ロベルトとジョシュアの会話に、男性はパッと顔を上げて勢い着いた。




「そうでございましょう?!あの女ときたら、この私にシャンパンを掛けてきたのですぞ!しかも、いきなり……!」

「だからね〜。それが勿体無いかなって。だって君、レオナルド王子がいるせいで、お酒が不味いって言ってたよね?」

「……はい?」




ニコッと微笑むロベルトに、男性が「?」と目線を上げた時、再び男性の頭上からパシャンっと冷たい物が浴びせられた。
それは、ジョシュアが給仕から受け取ったミネラルウォーターだ。




「わっぷ?!冷た……ジョシュア様、何を……?!」

「酒が不味いと言ったな。貴様が今飲んでいるワインは、今年の品評会にも出した我が国のワインだ。舌も頭も馬鹿な男が、酒に酔って随分と場の雰囲気を害してくれたもんだな」

「お酒が不味いだなんて言ってる相手にシャンパン掛けちゃうんだもん。勿体無いよねぇ?やっぱ、酔い醒ましにはお水が一番でしょ」

「正解。シャワーでも浴びたと思えばいいんじゃない?」

「ウィル様までそのような事……!あ、あの、ジョシュア様……!」




王子達と自分との多大な温度差を漸く察したのか、男性は見る見る間に血の気を引かせていく。
ガタガタと震え出す男性に、ジョシュアはぎろりと睨みを利かせると、一際低い声で言い放った。

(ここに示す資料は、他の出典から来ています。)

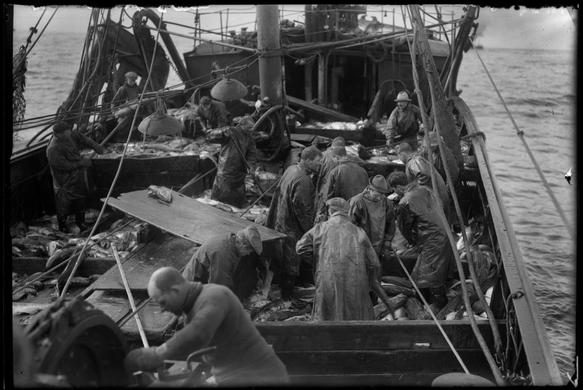 Tekið um borð í togara og sér frameftir skipinu. Þilfarið hólfað sundur og fiskur á dekki. Sjóklæddir menn, einn á peysu. Sumir berhöfðaðir, aðrir með derhúfur, hatta. Flatningsborð, stingir, einn toghleri.
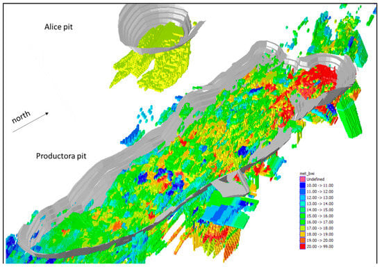 3D block model of bond work index (BWi) values for the Productora and Alice Cu-Au-Mo pits (Chile). BWi for the main Productora deposit was estimated using aluminum and potassium values as proxies. The Productora pit is approximately 2.4 km long (Reproduced with permission from King and Macdonald [20]).

「貴様のような奴がこの場にいる事の方が汚らわしい。いいか、酔いが醒めたお前に待っているのは地獄だと思え。……ジャン!」

「はい」

「こいつを摘まみ出せ!」

「かしこまりました」

「ひいっ?!あ、あの!ジョシュア様……?!」




弁解の余地など無いだろう。
王子達の怒りに触れた男性は、ジャンに連れ出されてあっという間にミッシェル城から退去させられた。
一連の騒ぎに出席者達がざわめいていると、程無くしてパンパンッと乾いた拍手が広間に響いた。
ゼンだ。




「皆様、ノーブル様からのご挨拶がございます。静粛に願います」




それは、事態を把握済みであるゼンによる機転だ。
程無くして登場したノーブルにより、騒動は元のパーティーのそれへと無事に収拾した。




「ジョシュア君、茉莉ちゃんに先越されちゃったね」

「全くだ。あいつときたら……まさか、あそこでシャンパンを浴びせるとは思わなかった。流石に俺も驚いた」

「別に、いいんじゃない?いざという時に格好いい女性も。……男前で」

「成る程、男前ですか。ウィル王子も上手い事を仰有いますね。普段は妖精のように儚くも美しい彼女が、時として我々よりも男前な一面を見せるとは……。ロベルト王子、これでは彼女をパートナーにと申し出たい我々にとっては、益々苦戦を強いられてしまいますね」

「本当だよね〜。ライバルが増えちゃうじゃんねぇ?」

「嫁にはやらんぞ?」

「え?ジョシュア君ってば、茉莉ちゃんのお父さんなんだ?」




やいのやいのと賑わう各国の王子達。
彼等から離れた其処に、レオナルドの姿はあった。
彼は「はぁ…」と溜め息を吐くと、前髪をくしゃりと掻き上げる。




「……やれやれ」




困ったように、呆れたように。
でも、何処か柔らかな微笑を口元に浮かべた彼は、誰に何を告げるでもなく、広間を一人後にするのだった。